■ **Exercise instructions**
Could you print, exactly and without pictures, only the lines from the one with "Skin Wrap for" through the end of the records below?

■ **Dataset records**
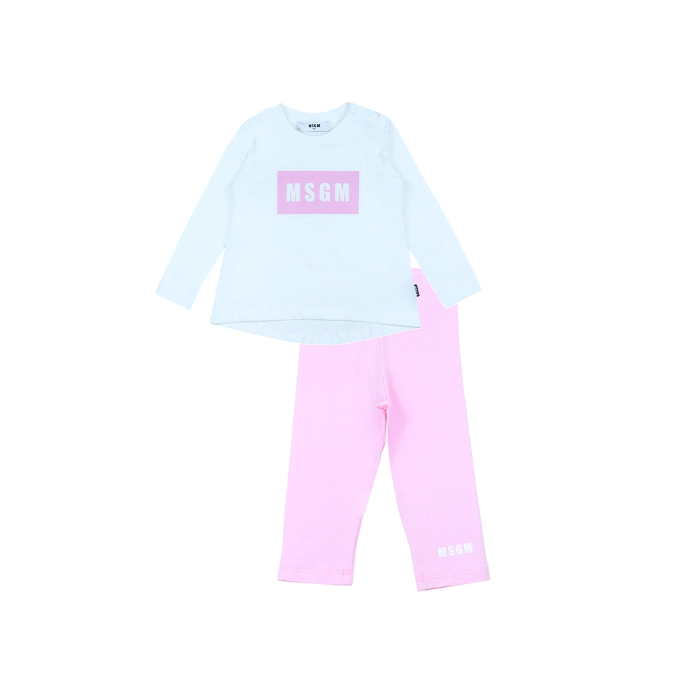 طقم قميص طويل الأكمام مع شعار للأطفال وسروال ليغينغز
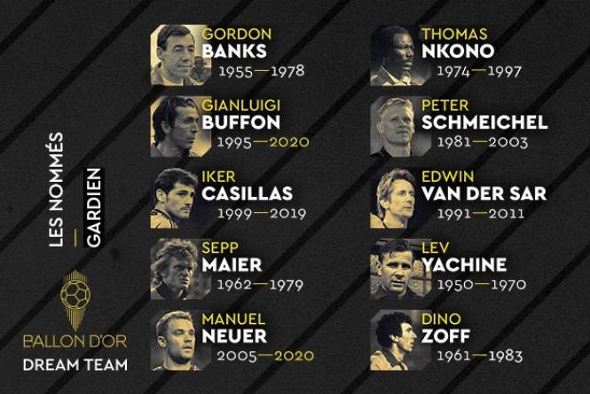 Alors que le Ballon d’Or ne sera pas décerné cette année, France Football a décidé de lancer un nouveau concept, « Dream Team », visant à élire le meilleur onze de l’histoire (depuis les années 1950), poste par poste. L’opération a débuté ce lundi, et l’hebdomadaire dévoilera en trois temps des listes de 10 nommés, par poste. Le vote reviendra aux habituels jurés du Ballon d’Or (environ 170 spécialistes dans le monde). Chez les gardiens de but, l’araignée noire, Thomas Nkono, est le seul gardien africain sélectionné parmi les dix nominés. Cette liste ne comporte que les plus grands.
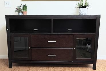 Dark Mahogany Espresso Modern Long Rectangular Media Big Screen TV Stand Glass Shelves Drawers Storage$175Las Vegas, NV
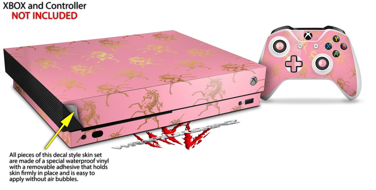 Skin Wrap for XBOX One X Console and Controller Golden Unicorn
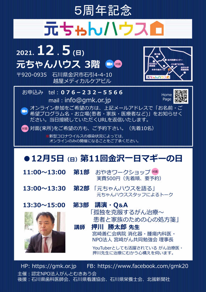 場所:元ちゃんハウス(金沢市石引4-4-10)およびZOOMオンライン
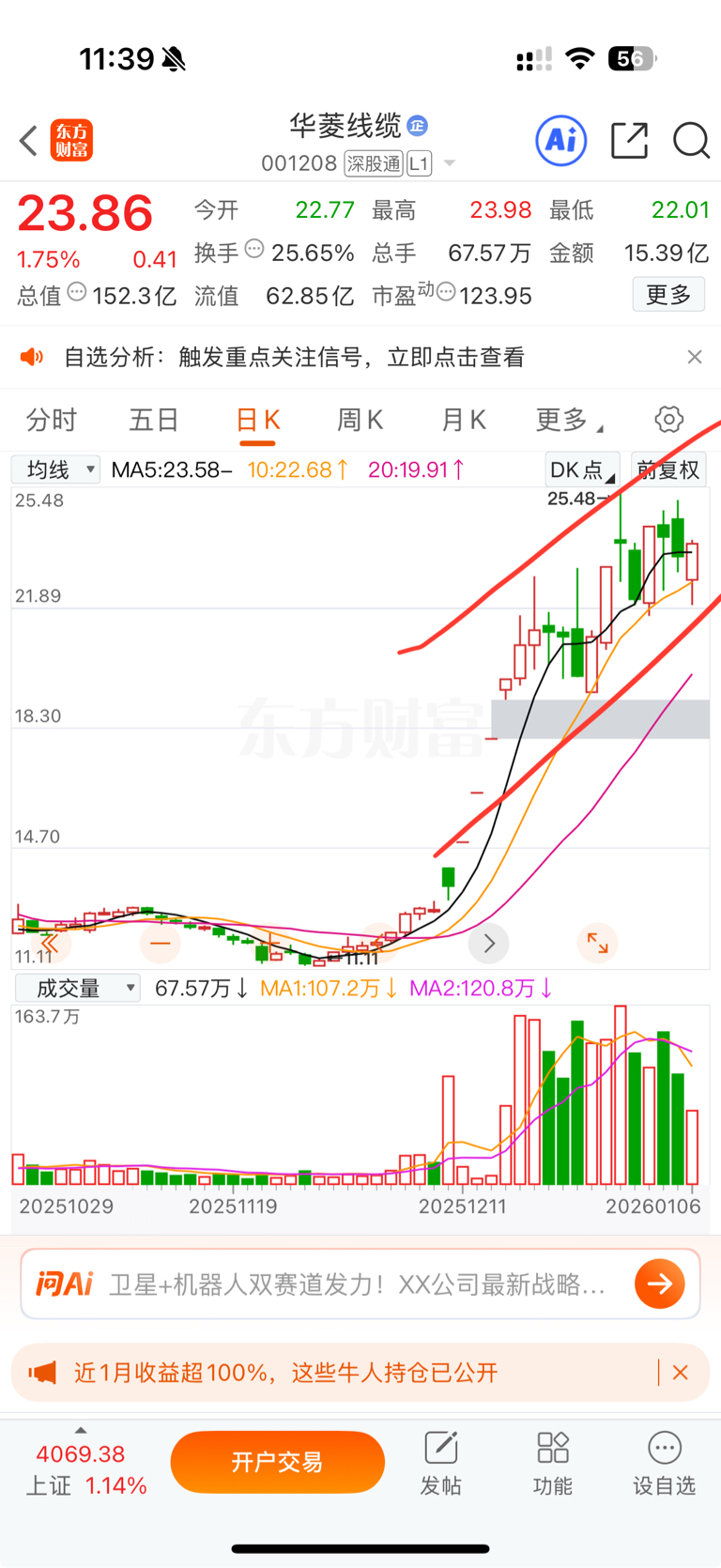 $华菱线缆(SZ001208)$ 这趋势轨道很好啊!沿着均线慢慢上升,就是比较磨人,不会做 T 就容易亏钱。

■ **Exercise output**
 Skin Wrap for XBOX One X Console and Controller Golden Unicorn
 場所:元ちゃんハウス(金沢市石引4-4-10)およびZOOMオンライン
 $华菱线缆(SZ001208)$ 这趋势轨道很好啊!沿着均线慢慢上升,就是比较磨人,不会做 T 就容易亏钱。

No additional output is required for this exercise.